- [THE TASK]:
Please return exactly the lines from the top of the data through the line that contains "Korektor w taśmie", and skip all pictures.
-- Opening Marker --
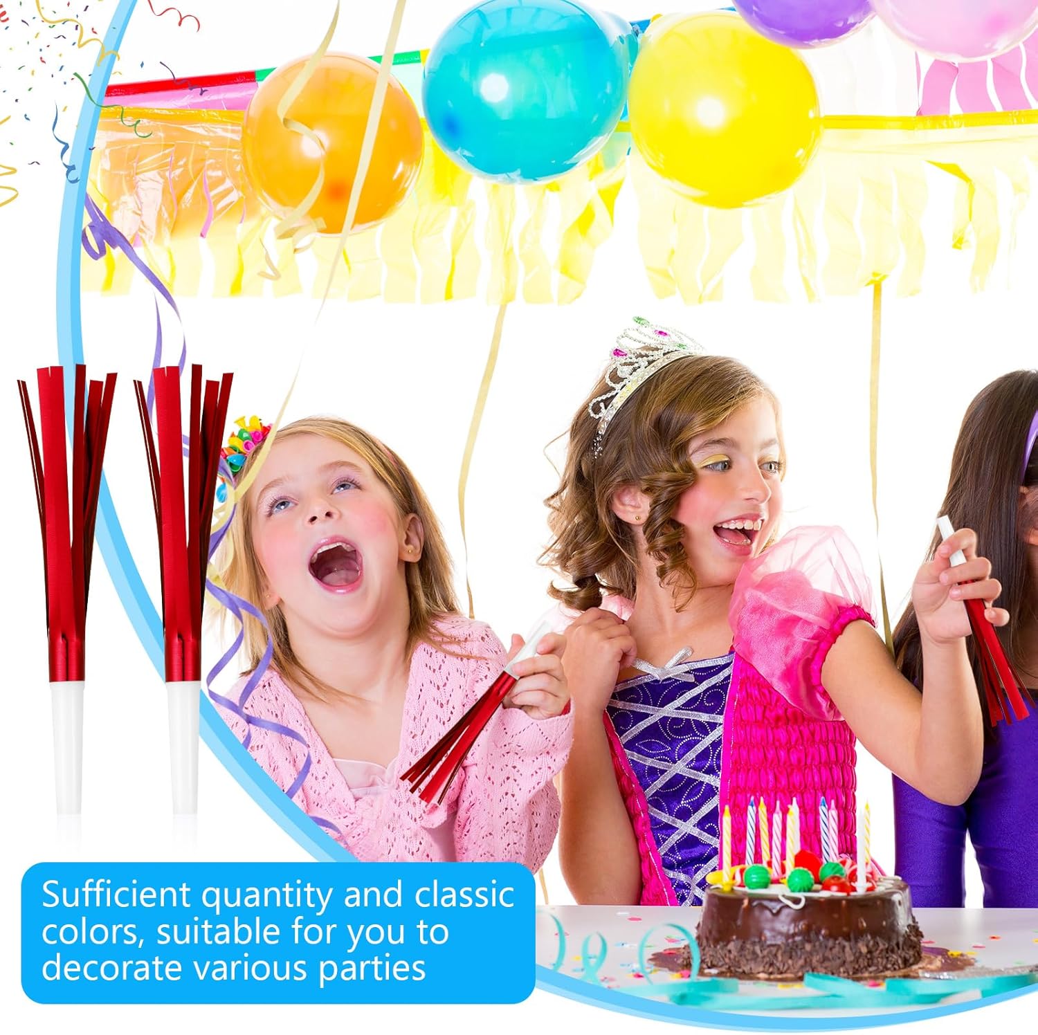 Metallic Fringed Noise Makers, for Noise Makers Party Favors, New Year Party, Baby Shower, Kids Birthday, 24 Pcs, Red
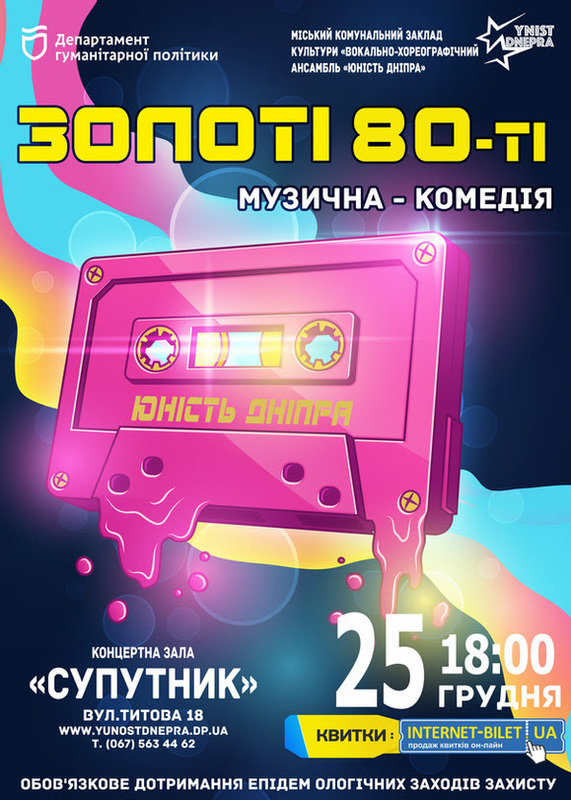 «Золотые 80-е» - это музыкальная комедия об исторической эпохе 80-х. Многие музыкальные хитов и юмора. Будет весело. Организатор проекта ансамбль «Юность Днепра». Режиссер проекта Обладатель художественных премий Денис Баскин
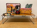 Camping Essentials - Two New Small Folding Tables, Lantern, Grill Cover And Basket
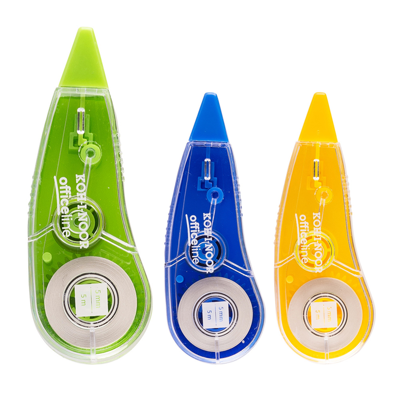 Korektor w taśmie umożliwiający natychmiastowe korygowanie błędów. Poręczny i łatwy w użyciu. Aplikator wyposażony jest w osłonkę zabezpieczającą taśmę. Dostępny w trzech kolorach: żółtym, zielonym oraz niebieskim.
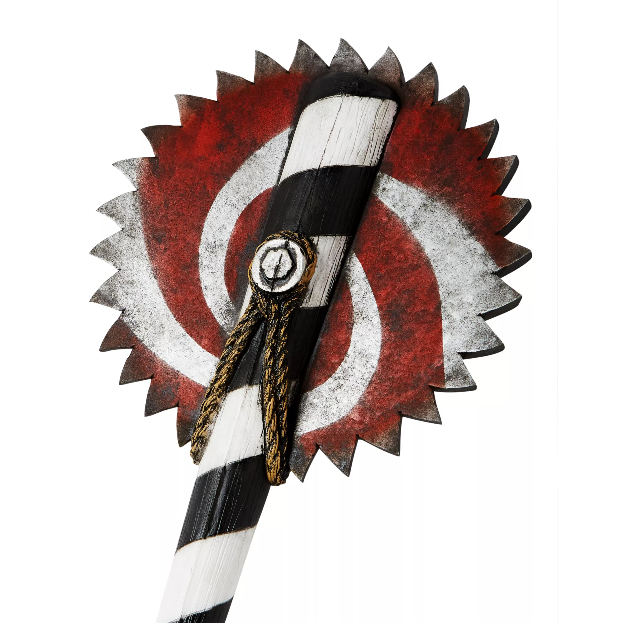 Slash up some laughs with this crazy fun circus saw bat! This frightening accessory features a rusty, circular sawblade, a black and white striped body, and a blue and yellow striped handle. You’ll be the scariest clown at the carnival with this petrifying piece.
-- Closing Marker --
- [FINISHED TASK]:
 Metallic Fringed Noise Makers, for Noise Makers Party Favors, New Year Party, Baby Shower, Kids Birthday, 24 Pcs, Red
 «Золотые 80-е» - это музыкальная комедия об исторической эпохе 80-х. Многие музыкальные хитов и юмора. Будет весело. Организатор проекта ансамбль «Юность Днепра». Режиссер проекта Обладатель художественных премий Денис Баскин
 Camping Essentials - Two New Small Folding Tables, Lantern, Grill Cover And Basket
 Korektor w taśmie umożliwiający natychmiastowe korygowanie błędów. Poręczny i łatwy w użyciu. Aplikator wyposażony jest w osłonkę zabezpieczającą taśmę. Dostępny w trzech kolorach: żółtym, zielonym oraz niebieskim.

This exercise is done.